Stored data entries:
++++++

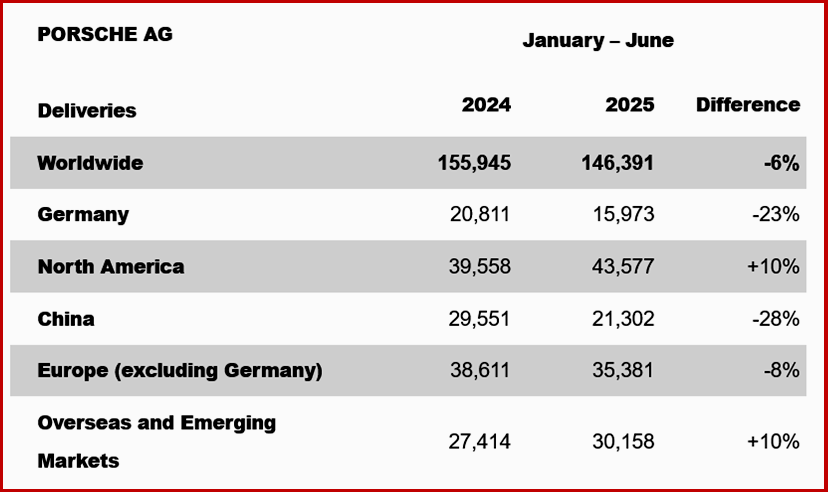 During the first half of the year, 45,137 Macan models were delivered to customers (+15 %). Roughly 60%of these (25,884 vehicles) were the fully electric variant. In most markets outside the EU, the combustion-engine Macan continues to be offered, with 19,253 of them delivered. The Panamera had 14,975 deliveries, a 13% increase.
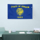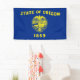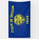 Este diseño presenta la bandera del estado de Oregón, que se encuentra en la región noroeste del Pacífico, en la costa oeste de los Estados Unidos. El estado está rodeado por Idaho, Washington, California y Nevada. La bandera de Oregón tiene un fondo azul marino con un sello de oro y texto; fue usada oficialmente por primera vez en febrero de 1925. La bandera contiene las palabras "Estado de Oregón" y el año 1859, que es cuando Oregón se convirtió en estado.
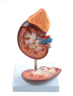 ■ 功能:放大1.5倍腎臟,帶腎上腺。2部件,顯示了腎剖面的腎皮質(zhì),腎髓質(zhì),腎小盞,腎大盞,腎盂,輸尿管以及腎動(dòng)脈,腎靜脈等結(jié)構(gòu);
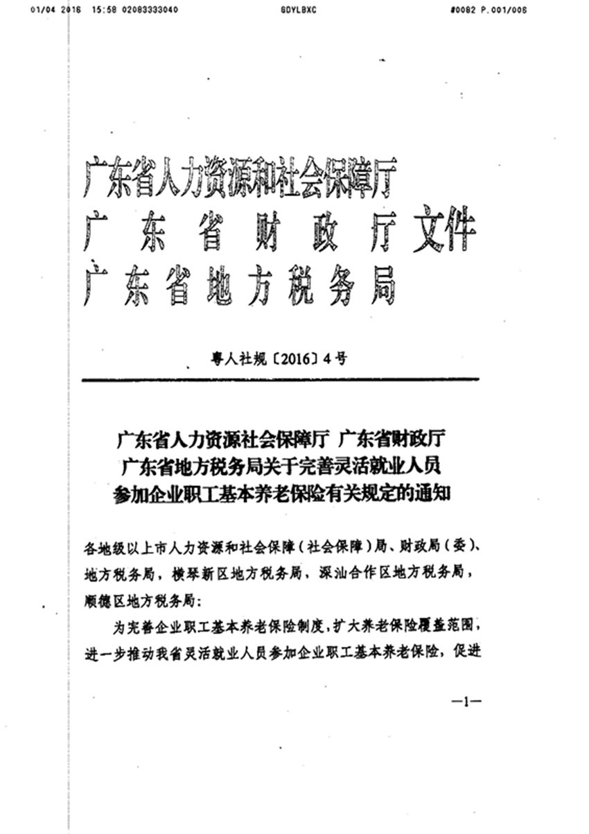 粵人社規[2016]4號 關于完善靈活就業人員參加企業職工基本養老保險有關規定的通知
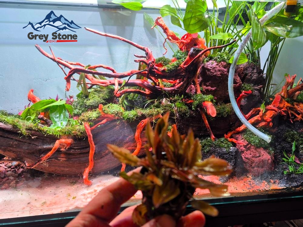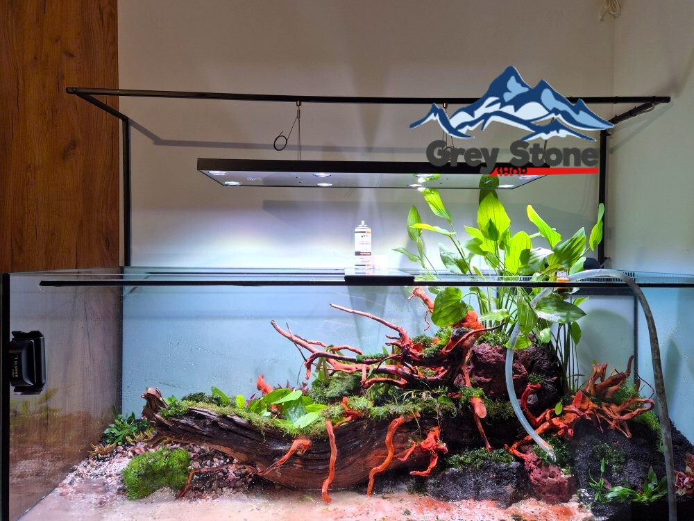 W akwarium stworzyłem unikalną dekorację, która przyciąga wzrok. Centralnym punktem jest długi, poziomo ułożony korzeń rzeczny. Do niego przymocowałem mniejsze kawałki red moorów, które dodają naturalnego charakteru i harmonii. Obsadziłem ten korzeń różnorodnymi roślinami, które mają potencjał do osiągnięcia znacznego progresu. Oczywiście, zdaję sobie sprawę, że aby akwarium prezentowało się zgodnie z moimi założeniami, rośliny muszą odpowiednio rosnąć i rozwijać się.
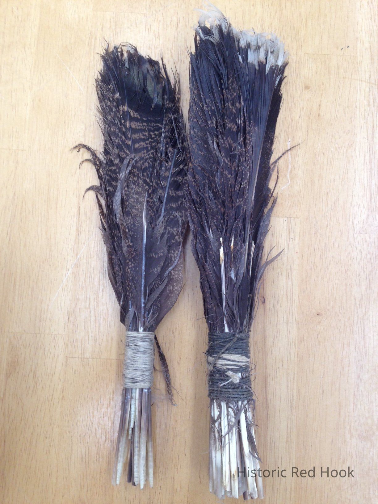 2 feather dusters, made of turkey feathers, Note attached stating: belonging to Oliver Rider"s grandmother, Catherine Rowe, "at least 60 years old"
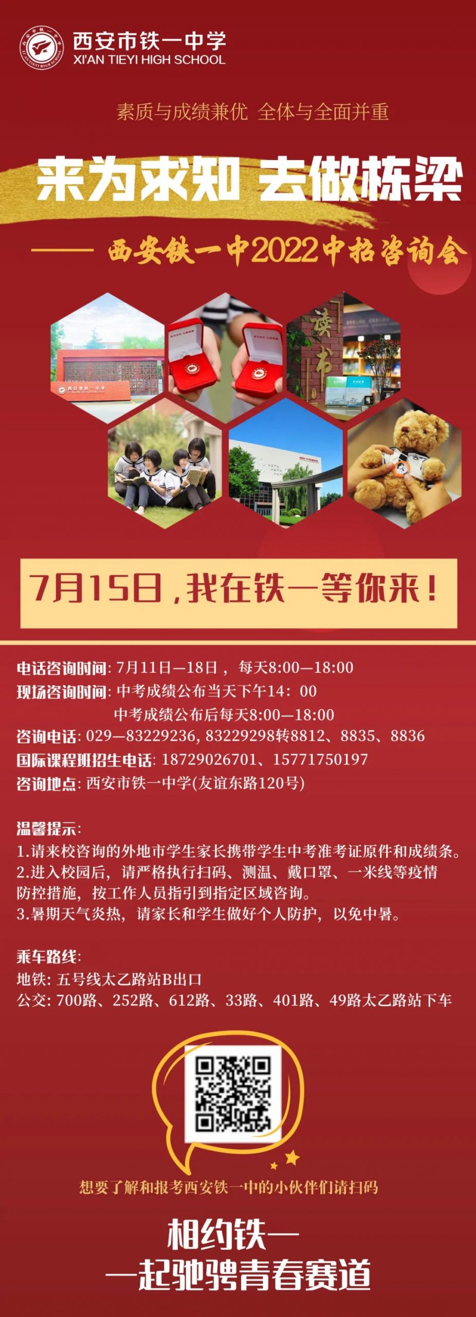 7月15日,我在铁一待你 | 西安市铁一中学2022中招咨询来啦!
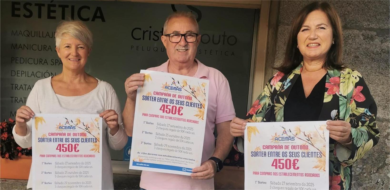 Cristina Souto y Manuel Solla, directivos de la asociación comercial ACEMAS del ámbito de Seixo y alrededores, acompañados de la concejala de comercio y turismo, Cristina Acuña, presentaron ayer la nueva iniciativa promocional que denominan “Campaña de Outono” con la que premiarán la fidelidad de los consumidores que adquieran sus productos en las distintas establecimientos asociados al colectivo.
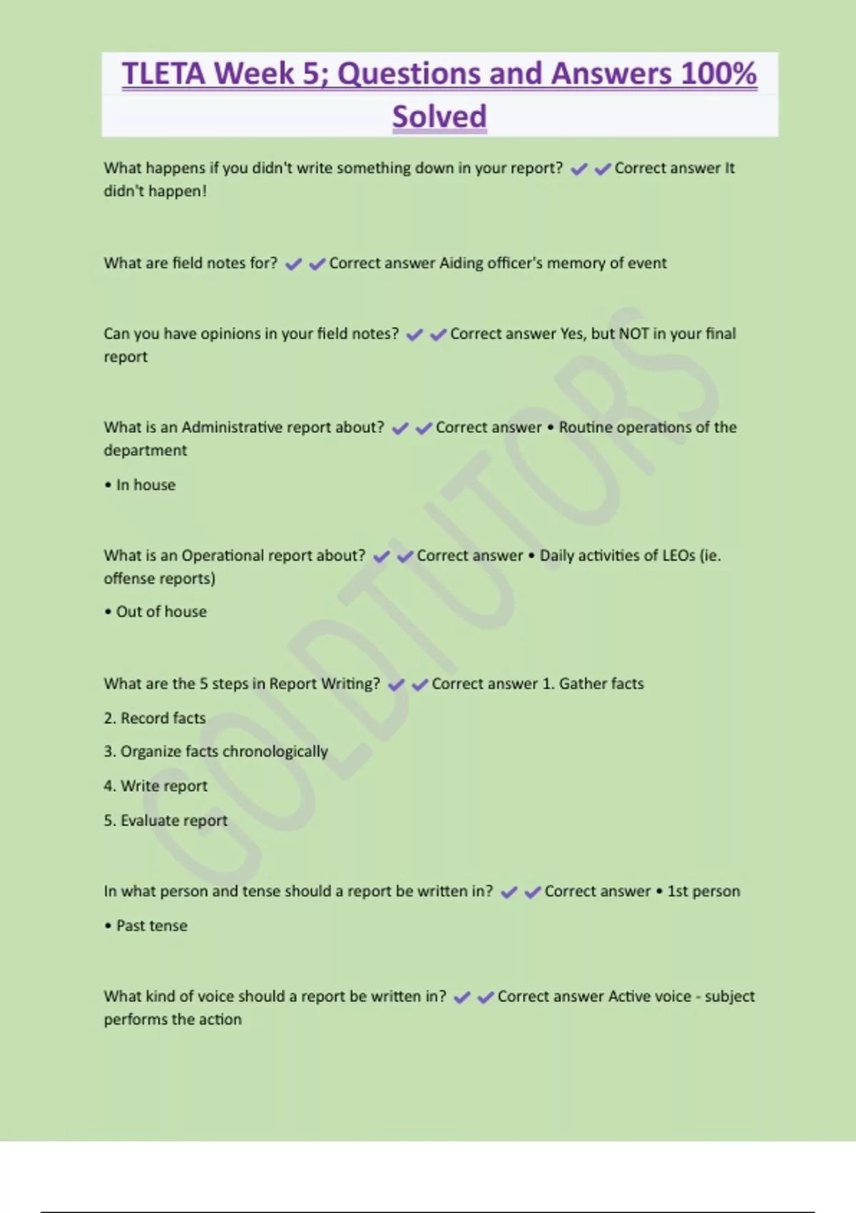 TLETA Week 5; Questions and Answers 100% Solved What happens if you didn't write something down in your report? Correct answer It didn't happen! What are field notes for? Correct answer Aiding officer's memory of event Can you have opinions in your field notes? Correct answer Yes, but NOT in your final report What is an Administrative report about? Correct answer • Routine operations of the department • In house
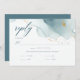 A beach-themed wedding RSVP card with meal choice template that features a painted, abstract watercolor scene of a beach and waves with a gold ink pour effect (the gold is a digital effect, not real foil!) and modern calligraphy. Classy and elegant, simple and modern, it is a lovely choice for a beach wedding during any season, for a modern couple.
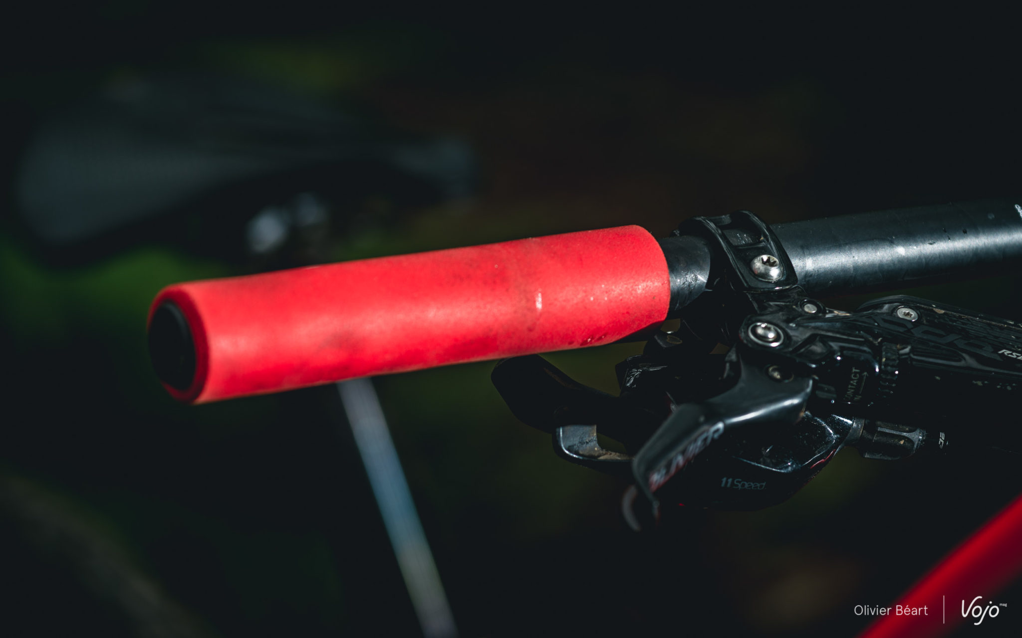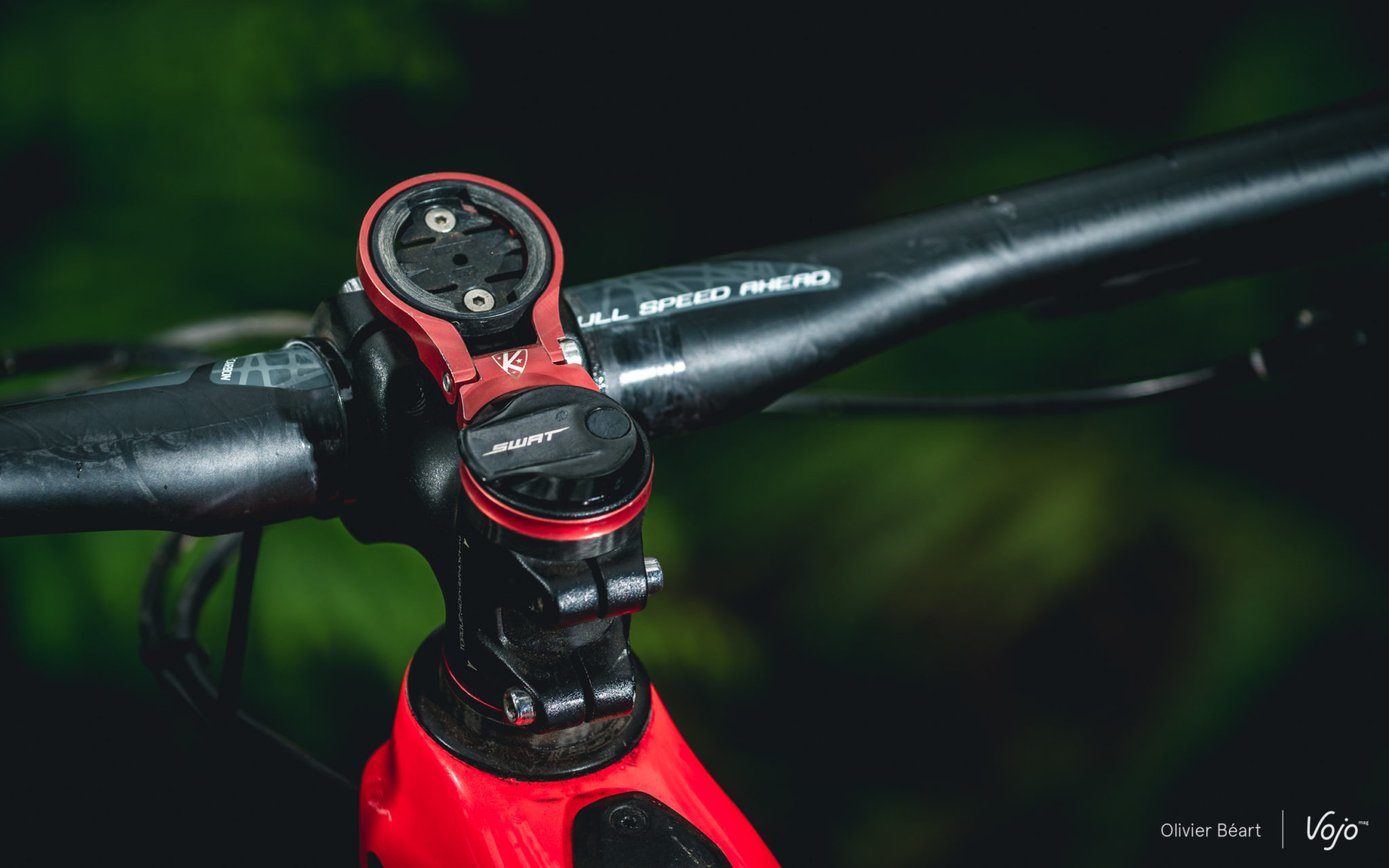 Les grips d’origine ont cédé la place à des modèles en silicone que j’apprécie beaucoup pour leur rapport poids/confort/accroche. Il s’agit ici de Suppacaz Silicone en 32mm de diamètre. Dans le tube de direction, le multi-outil Swat a été installé pour toujours disposer de quoi réparer sur le terrain, ainsi qu’un support GPS K-Edge pour avoir sous le nez les infos utiles (comme la distance) lors de certaines sorties ou épreuves où il faut gérer la batterie. Mais j’aime aussi rouler le Levo sans aucun compteur GPS et j’aime son minimalisme à ce niveau avec le simple petit display d’origine sur le tube supérieur.

++++++

YOUR OBJECTIVE => Output each record exactly as it appears, but not the pictures.

RESULT =>
 During the first half of the year, 45,137 Macan models were delivered to customers (+15 %). Roughly 60%of these (25,884 vehicles) were the fully electric variant. In most markets outside the EU, the combustion-engine Macan continues to be offered, with 19,253 of them delivered. The Panamera had 14,975 deliveries, a 13% increase.
 Este diseño presenta la bandera del estado de Oregón, que se encuentra en la región noroeste del Pacífico, en la costa oeste de los Estados Unidos. El estado está rodeado por Idaho, Washington, California y Nevada. La bandera de Oregón tiene un fondo azul marino con un sello de oro y texto; fue usada oficialmente por primera vez en febrero de 1925. La bandera contiene las palabras "Estado de Oregón" y el año 1859, que es cuando Oregón se convirtió en estado.
 ■ 功能:放大1.5倍腎臟,帶腎上腺。2部件,顯示了腎剖面的腎皮質(zhì),腎髓質(zhì),腎小盞,腎大盞,腎盂,輸尿管以及腎動(dòng)脈,腎靜脈等結(jié)構(gòu);
 粵人社規[2016]4號 關于完善靈活就業人員參加企業職工基本養老保險有關規定的通知
 W akwarium stworzyłem unikalną dekorację, która przyciąga wzrok. Centralnym punktem jest długi, poziomo ułożony korzeń rzeczny. Do niego przymocowałem mniejsze kawałki red moorów, które dodają naturalnego charakteru i harmonii. Obsadziłem ten korzeń różnorodnymi roślinami, które mają potencjał do osiągnięcia znacznego progresu. Oczywiście, zdaję sobie sprawę, że aby akwarium prezentowało się zgodnie z moimi założeniami, rośliny muszą odpowiednio rosnąć i rozwijać się.
 2 feather dusters, made of turkey feathers, Note attached stating: belonging to Oliver Rider"s grandmother, Catherine Rowe, "at least 60 years old"
 7月15日,我在铁一待你 | 西安市铁一中学2022中招咨询来啦!
 Cristina Souto y Manuel Solla, directivos de la asociación comercial ACEMAS del ámbito de Seixo y alrededores, acompañados de la concejala de comercio y turismo, Cristina Acuña, presentaron ayer la nueva iniciativa promocional que denominan “Campaña de Outono” con la que premiarán la fidelidad de los consumidores que adquieran sus productos en las distintas establecimientos asociados al colectivo.
 TLETA Week 5; Questions and Answers 100% Solved What happens if you didn't write something down in your report? Correct answer It didn't happen! What are field notes for? Correct answer Aiding officer's memory of event Can you have opinions in your field notes? Correct answer Yes, but NOT in your final report What is an Administrative report about? Correct answer • Routine operations of the department • In house
 A beach-themed wedding RSVP card with meal choice template that features a painted, abstract watercolor scene of a beach and waves with a gold ink pour effect (the gold is a digital effect, not real foil!) and modern calligraphy. Classy and elegant, simple and modern, it is a lovely choice for a beach wedding during any season, for a modern couple.
 Les grips d’origine ont cédé la place à des modèles en silicone que j’apprécie beaucoup pour leur rapport poids/confort/accroche. Il s’agit ici de Suppacaz Silicone en 32mm de diamètre. Dans le tube de direction, le multi-outil Swat a été installé pour toujours disposer de quoi réparer sur le terrain, ainsi qu’un support GPS K-Edge pour avoir sous le nez les infos utiles (comme la distance) lors de certaines sorties ou épreuves où il faut gérer la batterie. Mais j’aime aussi rouler le Levo sans aucun compteur GPS et j’aime son minimalisme à ce niveau avec le simple petit display d’origine sur le tube supérieur.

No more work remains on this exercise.